Starting at the first line of the material below and stopping after the line that includes "Cfap157 cDNA probe", write the lines out again exactly. Drop any pictures.

== == ==

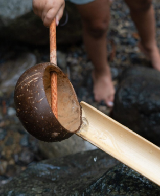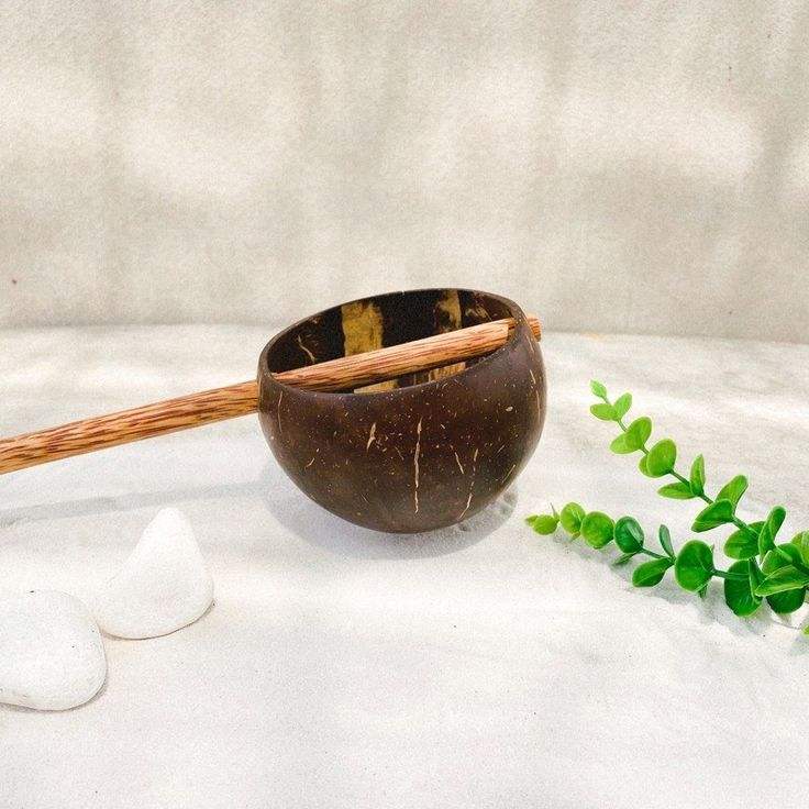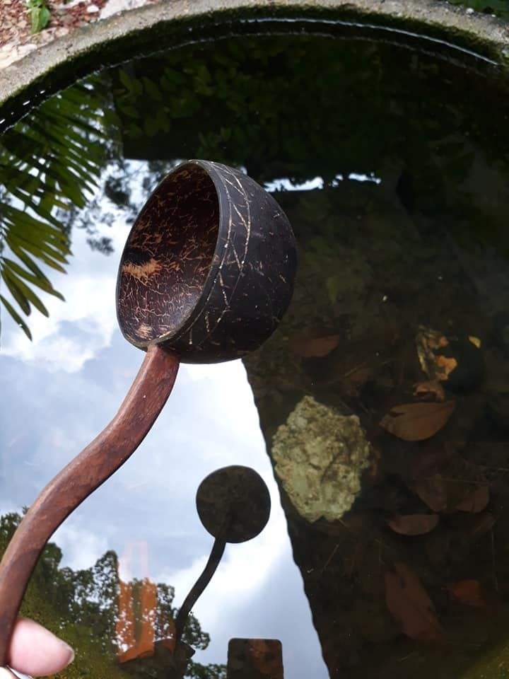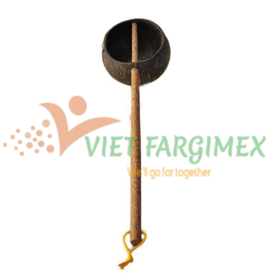 ทัพพีตักน้ำกะลามะพร้าวทำมือพร้อมด้ามไม้มะพร้าวเรียบเป็นมิตรกับสิ่งแวดล้อม
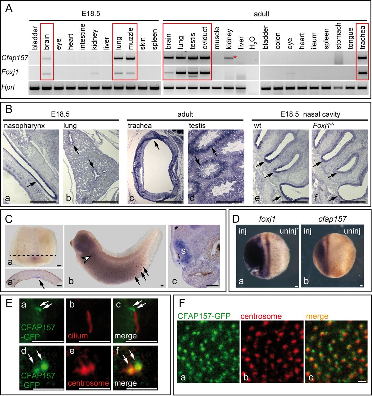 Cfap157 cDNA probe on E18.5 and adult wild-type mouse tissues, as well as E18.5 Foxj1 wild-type (wt) and Foxj1-deficient (Foxj1â/â) sagittal nose sections.
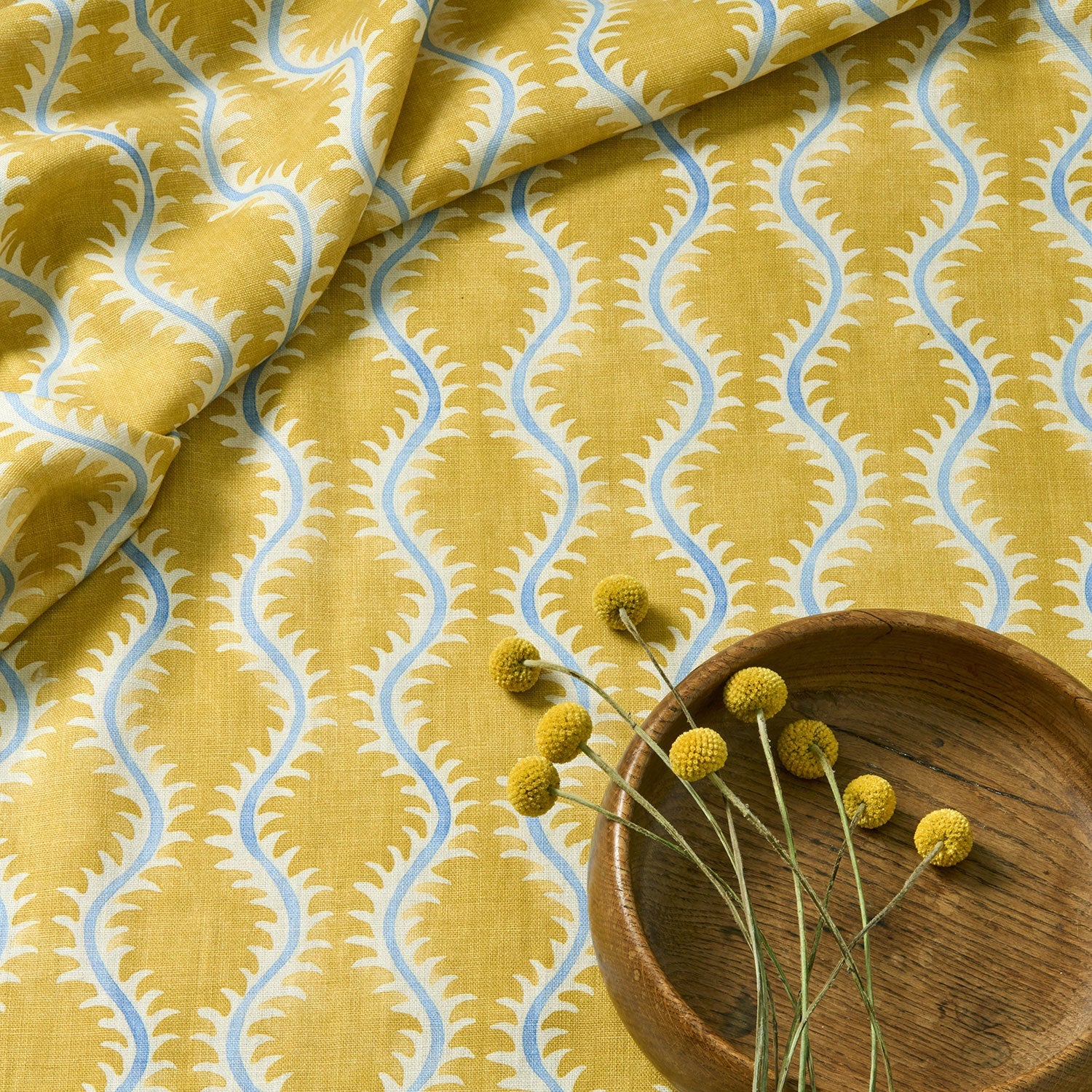 This collection of small-scale designs builds on the success of our recent launches, Small Prints and  Bibi.  Five free-flowing geometric patterns featuring fun squiggles and undulating lines create a delightful impression. The designs are printed on a linen fabric that has a relaxed feel. In addition to sofas, chairs, and ottomans, Small Prints II is ideally suited for blinds and curtains. Every project may draw successfully from the chosen palette, which ranges from vivid hues to subtle pastels.
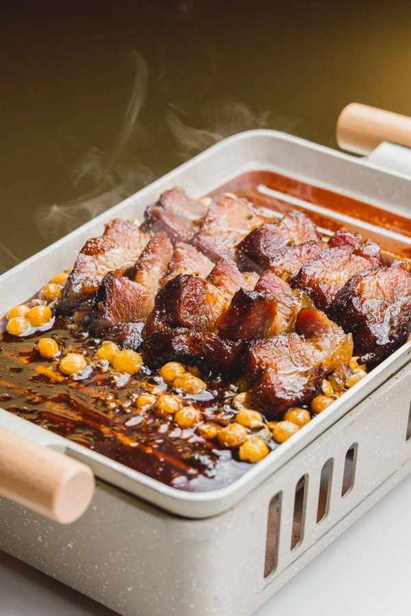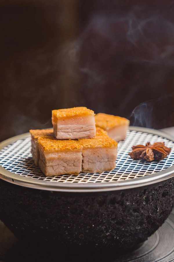 以隕石星球的造型呈現的小悅招牌炭烤燒肉,底下放上瞭加熱過的八角,用炭烤的方式把調味作用發揮到最大值,開蓋不止煙氣繚繞還有陣陣獨特香氣。
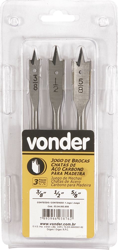 Conteúdo da embalagem 1 Jogo de brocas chatas com 3 peças, sendo: 3/8" - 1/2" e 5/8" Aplicações e dicas de uso Indicado para chapas finas de madeira e derivados Destaques e diferenciais Possui ponta com afiações especiais, que facilitam a centralização do furo. Estojo plástico que facilita a acomodação, organização.

== == ==

* [EXERCISE RESULT]:
 ทัพพีตักน้ำกะลามะพร้าวทำมือพร้อมด้ามไม้มะพร้าวเรียบเป็นมิตรกับสิ่งแวดล้อม
 Cfap157 cDNA probe on E18.5 and adult wild-type mouse tissues, as well as E18.5 Foxj1 wild-type (wt) and Foxj1-deficient (Foxj1â/â) sagittal nose sections.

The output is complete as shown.